Due to the high level of conductivity required for efficient electromagnetic shielding, only two families of conductive loads, which reflect or absorb the electromagnetic radiation, have traditionally been found suitable for being dispersed inside a polymer, e.g. stainless steel fibres (obtainable from Bekaert Fibre Technology®) and nickeled carbon fibres (obtainable from Inco SSP®).

For obtaining a sufficient conductivity, the loading should be relatively high, i.e. about 11-15%, which gives rise to negative effects on the density, the mechanical properties, surface quality and cost of the final product. Moreover, due to the macroscopic lengths of the fibres, moulding and processing with conventional extrusion methods is difficult because it is very difficult to avoid extensive breakage of the fibres during processing because shielding properties are strongly linked to the aspect ratio (=length/diameter) of the fibres, which can lead to a degradation of properties of the fibres. This is one of the most important limitations for electromagnetic broadband applications, such as microwave shields and absorbers, for which the best performances results from an optimisation of the geometry and the concentration in conductive inclusions, e.g. profile in gradient of concentration [Neo and al., IEEE Transactions on Electromagnetic Compatibility, vol. 46, no.1, Feb. 2004, p. 102-106].

There is a growing interest in carbon nanotubes (CNTs) formed of one or more concentric graphite cylinders (respectively single or multi-wall CNTs) because of the remarkable properties of these materials, i.e. a combination of lightness, hardness, elasticity, chemical resistance, thermal conductivity and, according to their molecular symmetry, electric conductivity which is higher than the electric conductivity of copper. All these characteristics, as well as a nanoscopic and high anisotropy (ratio length/diameter higher than 1000) makes CNTs a perfect candidate for the next generation of conducting composites, in particular, by ensuring their “percolation” (or continuous network formation) at lower load factors than those observed with other conductive fibres but without the disadvantages of these other conductive fibres.
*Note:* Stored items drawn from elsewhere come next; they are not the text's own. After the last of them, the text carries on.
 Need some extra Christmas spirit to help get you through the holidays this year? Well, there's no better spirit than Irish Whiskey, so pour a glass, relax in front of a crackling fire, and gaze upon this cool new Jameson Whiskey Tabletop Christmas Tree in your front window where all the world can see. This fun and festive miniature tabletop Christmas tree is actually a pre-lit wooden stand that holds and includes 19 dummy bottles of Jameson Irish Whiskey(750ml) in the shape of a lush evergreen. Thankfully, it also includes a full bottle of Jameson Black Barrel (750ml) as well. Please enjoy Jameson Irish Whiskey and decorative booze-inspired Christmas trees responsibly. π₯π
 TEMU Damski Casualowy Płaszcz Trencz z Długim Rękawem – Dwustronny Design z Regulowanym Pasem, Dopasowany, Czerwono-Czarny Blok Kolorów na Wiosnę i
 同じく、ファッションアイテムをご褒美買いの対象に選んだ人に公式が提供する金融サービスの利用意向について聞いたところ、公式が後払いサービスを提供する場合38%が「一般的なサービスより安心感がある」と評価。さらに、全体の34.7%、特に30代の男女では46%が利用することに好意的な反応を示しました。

Moreover, CNTs are sufficiently short to be dispersed inside a polymer by conventional extrusion/injection techniques without risking them to break, after which they can be moulded into desired shapes.
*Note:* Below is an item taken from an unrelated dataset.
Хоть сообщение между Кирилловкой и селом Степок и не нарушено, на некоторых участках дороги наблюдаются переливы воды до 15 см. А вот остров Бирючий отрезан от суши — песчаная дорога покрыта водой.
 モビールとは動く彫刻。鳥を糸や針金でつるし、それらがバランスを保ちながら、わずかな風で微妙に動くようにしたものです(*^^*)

Conventionally, when electromagnetic interference (EMI) shielding is cited as one of the promising outlets of composite materials based on carbon nanotubes and on polymer foams as a matrix, shielding properties have been observed at the detriment of electromagnetic absorbent behaviour [Yang and al. Adv. Mat., 2005 (17), p. 1999-2003; Yang et al. Nano Letters, 2005, 5(11), p. 2131-2134]. In Yang et al., the carbon nanotube-polymer foam composites have a reflectivity of 0.81, a transmissivity of 0.01 and an absorptivity of 0.18, which indicates that these composite materials are more reflective and less absorptive of electromagnetic radiation and thus that the primary EMI shielding mechanism of such composites is reflection rather than absorption in the X-band frequency region.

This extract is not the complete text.